GASB 75: Other Post-Employment Benefits (OPEB) Accounting Guide
The adoption of GASB Statement No. 75, Accounting and Financial Reporting for Postemployment Benefits Other Than Pensions (effective for fiscal years beginning after June 15, 2017), introduced governments to a new category of financial obligation that, while less discussed than pensions, often rivals or exceeds pension liabilities in magnitude. OPEB—primarily post-retirement healthcare benefits for retirees and their dependents—represents an explicit commitment made to employees that frequently goes unfunded. This comprehensive guide walks practitioners through GASB 75 measurement methodologies, the critical role of healthcare cost trend assumptions, and the distinction between single-employer, agent, and cost-sharing OPEB plans.
What Are OPEB? Understanding the Landscape
Other post-employment benefits are benefits provided to retirees and their beneficiaries—other than pensions—based on the retiree's service to the government during employment. The most common OPEB is healthcare (medical, dental, vision insurance), but OPEB also includes:
- Retiree healthcare insurance — The government or retiree pays premiums for coverage continuation
- Life insurance — Death benefits provided to retirees' beneficiaries
- Disability benefits — Long-term disability coverage for incapacitated retirees
- Long-term care insurance — Coverage for nursing home or assisted living care
- Tax-deferred savings accounts — Government contributions to Health Savings Accounts (HSAs) or Medical Savings Accounts (MSAs)
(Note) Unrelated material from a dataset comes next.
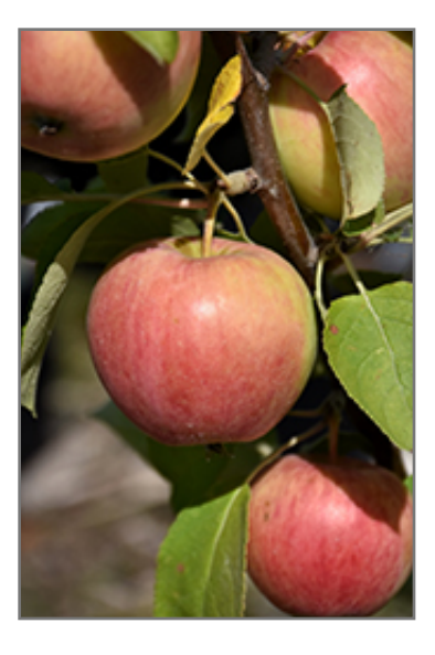
Gemini Apple fruit

24309 TWP RD 510 Beaumont, AB phone: 780-929-8102 web: cheyennetree.ca

- Implicit subsidies — Subsidized healthcare premiums for retirees below market rates
Unlike pensions, which are legally required to be funded through established pension trusts, OPEB are often provided on a pay-as-you-go (PAYGO) basis, meaning the government pays retiree healthcare costs from its operating budget as claims are incurred. This lack of prefunding creates large unfunded liabilities that GASB 75 brings to the balance sheet.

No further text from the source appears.